# EN: Paul et Jean, eux, (ils) sont allés - contrastive use of the complement pronouns



## cmarcov

Hello everyone, 

I have some problems figuring out how to translate "eux" (or "lui") when it is in apposition, like in a sentence as let's says:
"Paul et Jean, eux, sont allés au magasin." I'm not sure about the correct translation for that. I try 

Paul and John, them, they went to the store. 
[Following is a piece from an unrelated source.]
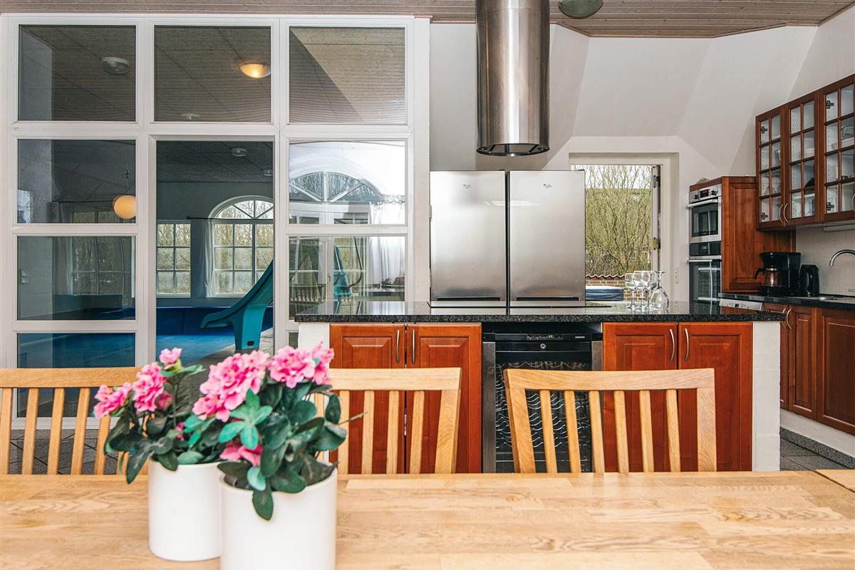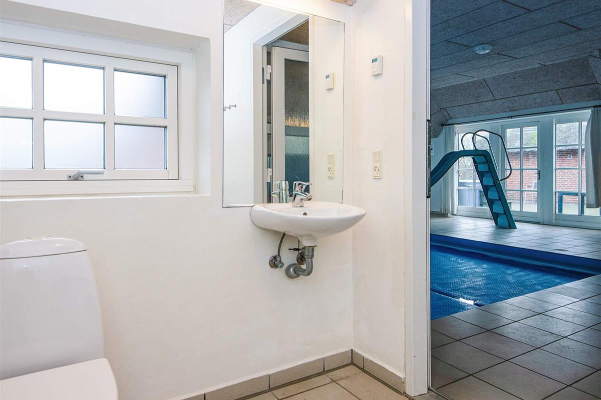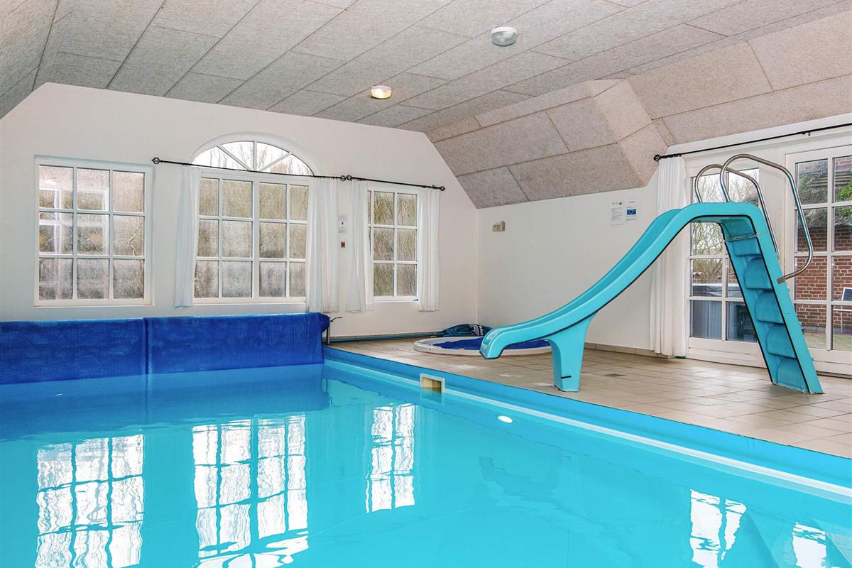 Das 2009 erbaute Haus liegt in einem erschlossenen Ferienhausgebiet mit Fußwegen zur etwa 2 km entfernten Nordsee. In diesem Poolhaus gibt es 3 Badezimmer mit Toilette, Waschbecken, Dusche und Fußbodenheizung. Eine Wärmepumpe und der gemütliche Pelletofen beheizen das Haus. Im Luxushaus gibt es 18 Schlafplätze: 4 Zimmer mit Doppelbett, 2 Zimmer mit je 4 Kojen in Etagenbetten, 1 Zimmer mit 2 Einzelbetten. Max. 2 Haustiere erlaubt. Im Haus gibt es keine TV-Bezahlsender.

But I'm really not sure that is the right way to translate that. And I don't want something like:
As for Paul and John, they went…, which is not exactly the same thing.
Thanks for any help

*Moderator note:* Multiple threads have been merged to create this one.


----------



## BillyTheBanana

In English we just use vocal intonation to stress something, usually represented by italics:

"So did Alice go to the store?"
"No, _Paul and John_ went to the store."

That doesn't really work for formal writing though, in which case I might translate it as

Paul and John were the ones who went to the store.

or

It was Paul and John who went to the store.


----------



## cmarcov

Hi everyone,
Ok, but that is not exactly the translation that I'm looking for. In fact, 
"Paul and John were the ones who went to the store" 
would be, in French: 
"Paul et Jean sont ceux qui sont allés au magasin", 
meaning that among the people who were there, for instance, Paul and John were the ones... 
As for the second "It was Paul and John who went to the store", it would translate as "Ce sont Paul et Jean qui sont…" which is just about as closely related to the first sentence in French as is it in English, more or less. What I'm trying to translate is a form of emphasis, I guess, on the subject, like is I'd say "Paul, lui est heureux." How would I translate that: 
"Paul, him, he is happy." or simply "Paul, he's happy." 
My case is a little hard to explain, but if I could get some more answers, I'll know when I get exactly what I'm looking for. 
Thanks for your help...


----------



## BigRedDog

What about:

Paul and John went to the store, (these two) they did!


----------



## GEmatt

Is your original sentence (in French) complete?  I'm not sure where the emphasis is - whether it is on Paul and John (as opposed to someone else), or on the store (as opposed to some other location).  A conjunction might help convey that emphasis in English, since use of the pronoun does not work.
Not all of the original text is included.